Random Thoughts by Jon W. Baker
Saturday, January 17, 2004
After eating an entire bull, a mountain lion felt so good he started roaring. He kept it up until a hunter came along...and shot him. The moral: When you're full of bull, keep...your mouth shut.
If you find yourself in a hole, the first thing to do is stop digging.
Never smack a man who's chewing tobacco.
It don't take a genius to spot a goat in a flock of sheep.
Never ask a barber if he thinks you need a haircut.
Never follow good whiskey with water, unless you're out of good whiskey.
Good judgment comes from experience, and a lot of that comes from bad judgment.

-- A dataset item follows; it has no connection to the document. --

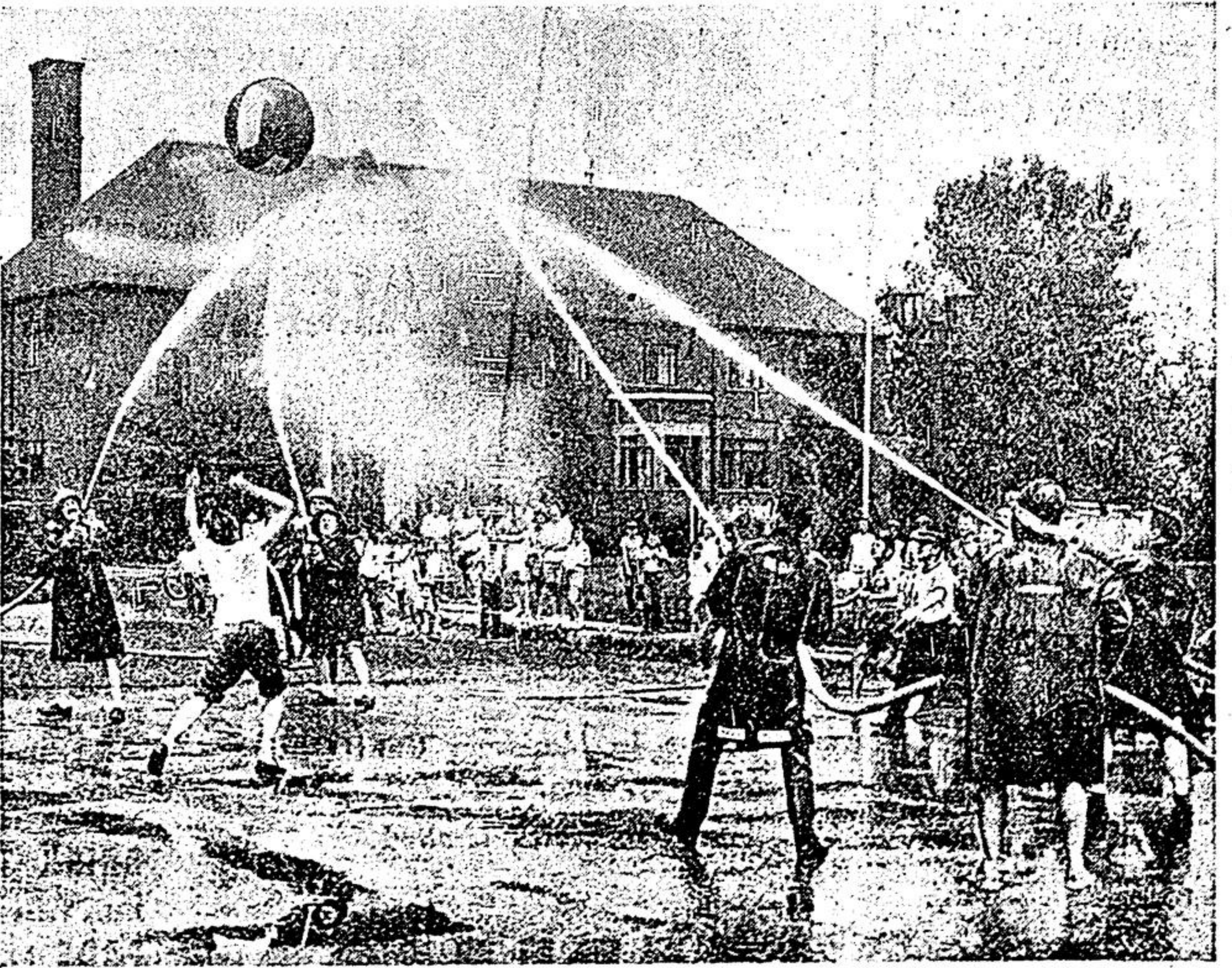
FIREFIGHTERS FIGHT EACH OTHER—Firemen from Middleburg Heights and Strongsville, O., call this a "game," but it looks more like "cold war." Photographer Chet Wozney ran out of range a few seconds later.

Always drink upstream from the herd.
Never drop your gun to hug a grizzly.
If you're riding ahead of the herd, take a look back every now and then to make sure it's still there.
When you give a lesson in meanness to a critter or a person, don't be surprised if they learn their lesson.
When you're throwing' your weight around, be ready to have it thrown around by somebody else.
Letting the cat out of the bag is a whole lot easier than putting it back in.
Always take a good look at what you're about to eat. It's not so important to know what it is, but it's critical to know what it was.
The quickest way to double your money is to fold it over and put it back in your pocket.
Never miss a good chance to shut up.
Never kick a fresh cow chip on a hot day.
I was thinking that women should put pictures of missing husbands on beer cans!
I was thinking about old age and decided that it is when you still have something on the ball but you are just too tired to bounce it.